The perks of transitioning to a four-day school week
Administrators of school districts that have transitioned to a four-day school week say they’ve seen an increase in applicants for vacant educator roles, even from out-of-state teachers. More than 1,600 schools across 24 states had a four-day school week by 2019 and the trend is growing. Tom Rice, superintendent of the Wolsey-Wessington School District in South Dakota, which operates on a four-day school week, says absenteeism and discipline referrals have seen marked improvements. In Brighton, Colorado’s School District 27J, graduation rates — particularly among Latino students — have increased since a four-day school week began in 2018, Superintendent Chris Fiedler says. “It emerged as a real competitive advantage, particularly for rural schools who were having difficulties in attracting talented teachers — or teachers at all,” notes Andrea Phillips, a policy researcher at RAND Corp. who has studied the subject.

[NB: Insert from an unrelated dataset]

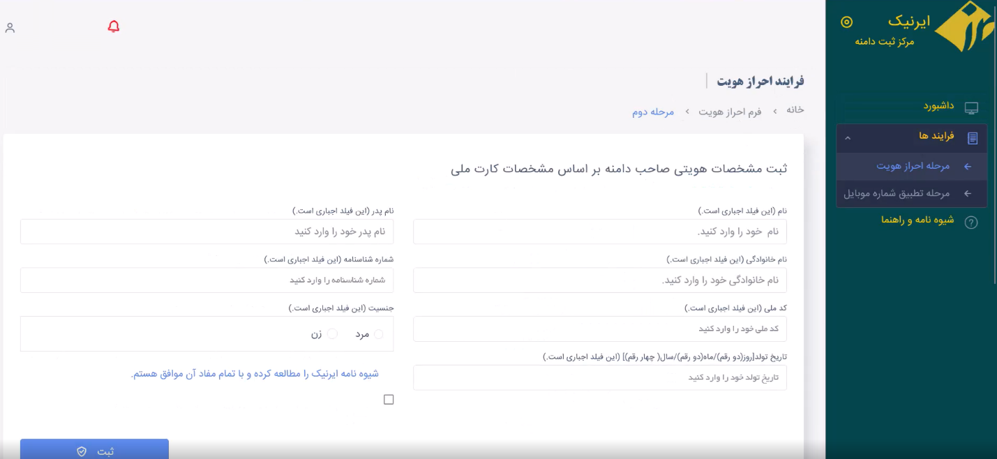 اطلاعات هویتی خود را وارد و ثبت نمایید.

States invest pandemic relief funds into early education workforce
States are investing federal COVID-19 relief funds to build up the early childhood education workforce through increased compensation, mental health supports, professional development and more, according to an analysis of spending from the National Association of State Boards of Education. As of May, 12% of early childhood education positions — or 117,400 — remained unfilled or were eliminated, according to NASBE. Many early education programs closed temporarily during the pandemic, wreaking havoc on the ability to maintain a stable workforce. Money from the Elementary and Secondary School Emergency Relief fund, however, has provided states an opportunity for a strong recovery, NASBE said. “With substantial federal COVID relief funding, state boards of education have new opportunities to advocate for investment in efforts to address ECE teacher shortages and retention in particular,” said Winona Hao, NASBE’s director of early learning, in a statement.